TELEMAC-MASCARET Forum: Not enough slots available in the system (1/1)

Welcome, Guest

TOPIC: Not enough slots available in the system

Not enough slots available in the system 3 years 11 months ago #38240

o.gourgue
OFFLINE
Expert Boarder
Posts: 155
Thank you received: 11

I am running Telemac (version 8.2.0) as follows on a supercomputer (each node has 28 processors):

telemac2d.py t2d_input.cas --ncsize=28

And it works just fine.

If I try to run on more than 1 node:

telemac2d.py t2d_input.cas --ncsize=56

I got the following error:

There are not enough slots available in the system to satisfy the 56
slots that were requested by the application:

/project/geomorph/ogourgue/TIGER/Runs/TIGER_000-2/t2d_input.cas_2021-04-12-16h14min53s/out_user_fortran

Either request fewer slots for your application, or make more slots
available for use.

A "slot" is the Open MPI term for an allocatable unit where we can
launch a process. The number of slots available are defined by the
environment in which Open MPI processes are run:

1. Hostfile, via "slots=N" clauses (N defaults to number of
processor cores if not provided)
2. The --host command line parameter, via a ":N" suffix on the
hostname (N defaults to 1 if not provided)
3. Resource manager (e.g., SLURM, PBS/Torque, LSF, etc.)
4. If none of a hostfile, the --host command line parameter, or an
RM is present, Open MPI defaults to the number of processor cores

In all the above cases, if you want Open MPI to default to the number
of hardware threads instead of the number of processor cores, use the
--use-hwthread-cpus option.

Alternatively, you can use the --oversubscribe option to ignore the
number of available slots when deciding the number of processes to
launch.

I am looking at it with the IT team in charge of that supercomputer and they suspect the problem comes from Telemac. Personally, I have never experienced that with Telemac on other supercomputers. But maybe someone has? If so, please share your solution!
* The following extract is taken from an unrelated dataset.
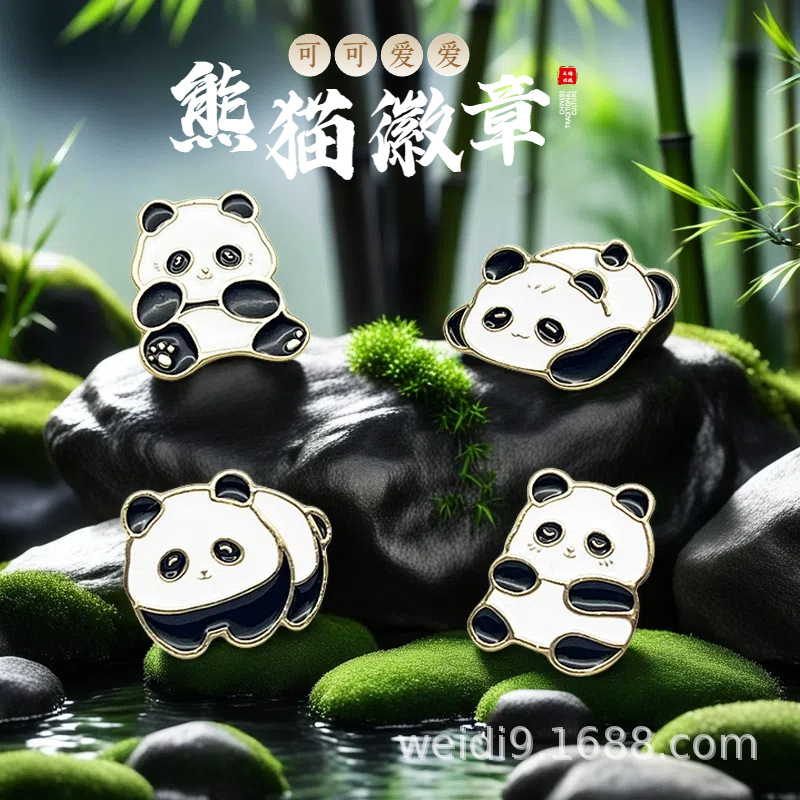 中国風パンダブローチ国潮記念品漫画バッジリュックサックカップル服アクセサリーピン留め装飾品

Attached is my configuration file.

Attachments:

systel.scc.cfg (1KB)

The administrator has disabled public write access.
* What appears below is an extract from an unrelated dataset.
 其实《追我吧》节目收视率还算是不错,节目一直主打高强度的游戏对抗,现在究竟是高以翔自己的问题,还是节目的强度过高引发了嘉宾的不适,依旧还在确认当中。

Not enough slots available in the system 3 years 11 months ago #38248

o.gourgue OFFLINE Expert Boarder Posts: 155 Thank you received: 11	Is there someone with any idea how to solve this problem? We've run some tests on the supercomputer, and the problem doesn't come from Open MPI (other applications run just fine).
	The administrator has disabled public write access.

Not enough slots available in the system 3 years 11 months ago #38249

yugi OFFLINE openTELEMAC Guru Posts: 851 Thank you received: 244	Hi, Can you try removing "-machinefile MPI_HOSTFILE" in mpi_cmexec ? Is the supercomputer using a scheduler (like slurm) to submit scripts ? If that is the case you might need a configuration like gaia.intel.dyn from systel.edf.cfg If you a dcoumentation or anything about the supercomputer I can help you create a configuration that match it.
	There are 10 types of people in the world: those who understand binary, and those who don't. The administrator has disabled public write access. The following user(s) said Thank You: o.gourgue, phmusiedlak

Not enough slots available in the system 3 years 11 months ago #38250

o.gourgue OFFLINE Expert Boarder Posts: 155 Thank you received: 11	Removing "-machinefile MPI_HOSTFILE" was the solution. The supercomputer uses TORQUE. Thanks!
	The administrator has disabled public write access.